I open my eyes and a wave of memories and 14 years’ worth of recollections hit me hard. I remember my host’s name, Roshan. But his life is filled with darkness so severe and dense, it makes the light of hope lose its path. Sadness, pain, desperation, and frustration are strong emotions, and humans react either badly or rashly against them. Roshan is on the run, for killing a man; a man whom he knew quite too well. His father abused him every day, the scars on his shoulders were falling apart because they were not allowed to heal. In the dimly lit train compartment, as Roshan cries himself to sleep, I know it is time for me to leave.

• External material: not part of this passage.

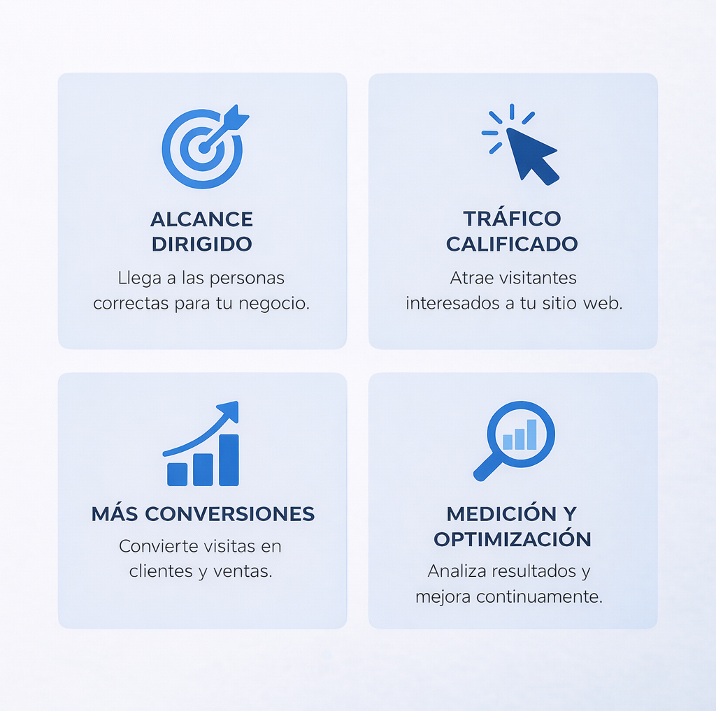 Nuestras soluciones se adaptan según la etapa, necesidades y objetivos de cada negocio. Antes de implementar cualquier estrategia, analizamos el contexto comercial, el proceso de captación actual y las oportunidades de mejora, con el fin de definir un enfoque alineado a resultados reales. Esto nos permite desarrollar un sistema adecuado para cada empresa, en lugar de aplicar soluciones genéricas.
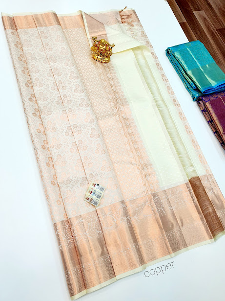 Copper Zari Work Flower Design Kanjivaram Pure Silk Sarees Off White Color w/ Blouse

I am Roshan’s repressed conscience.
The shriek of the whistle brings my surroundings back to me. I stare in horror, my gaze fixated on the bright light as my next host readies herself for suicide. During the brief moment that I inhabited her mind, I came to know her reason for this drastic measure. The love of her life was decapitated in front of her very eyes. Humans have been very rigid about accepting love, despite the fact that love is what made the human race prosper this far ahead, or below? I am confused.
I am Sumitra’s neverending hopelessness.
The small screen on the motorcycle reads 200. I feel the adrenalin, so does my host. The thrill is exhilarating, the speed, infectious, the feeling, intoxicating. I look around and notice the rapidly fleeting trees and buildings. Life is fleeting; life is nascent; life is precious. I act on my host and make him reduce the speed to a somewhat safe 100. My host needs to go to his loving family once he is done here.

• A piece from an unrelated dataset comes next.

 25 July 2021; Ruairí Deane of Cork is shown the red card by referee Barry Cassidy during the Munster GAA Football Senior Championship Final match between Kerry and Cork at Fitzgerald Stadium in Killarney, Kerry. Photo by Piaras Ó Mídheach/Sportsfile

I am Vashisht’s fleeting carelessness.
The mobile comes to life and inside the mind of my host, so do I. It is the girl he loves, Praneeta. My host loves her dearly but is afraid to approach her father. Karan believes he has to get a good job first, to ask her hand from her father. I see a mountain of books on the table across the room.
I am Karan’s undivided motivation.
I am the thread that binds more than seven billion people, but everyone takes it for granted. I inhabit everyone’s mind yet no one understands me. I am the strongest link between a mother and her child. I am the human consciousness.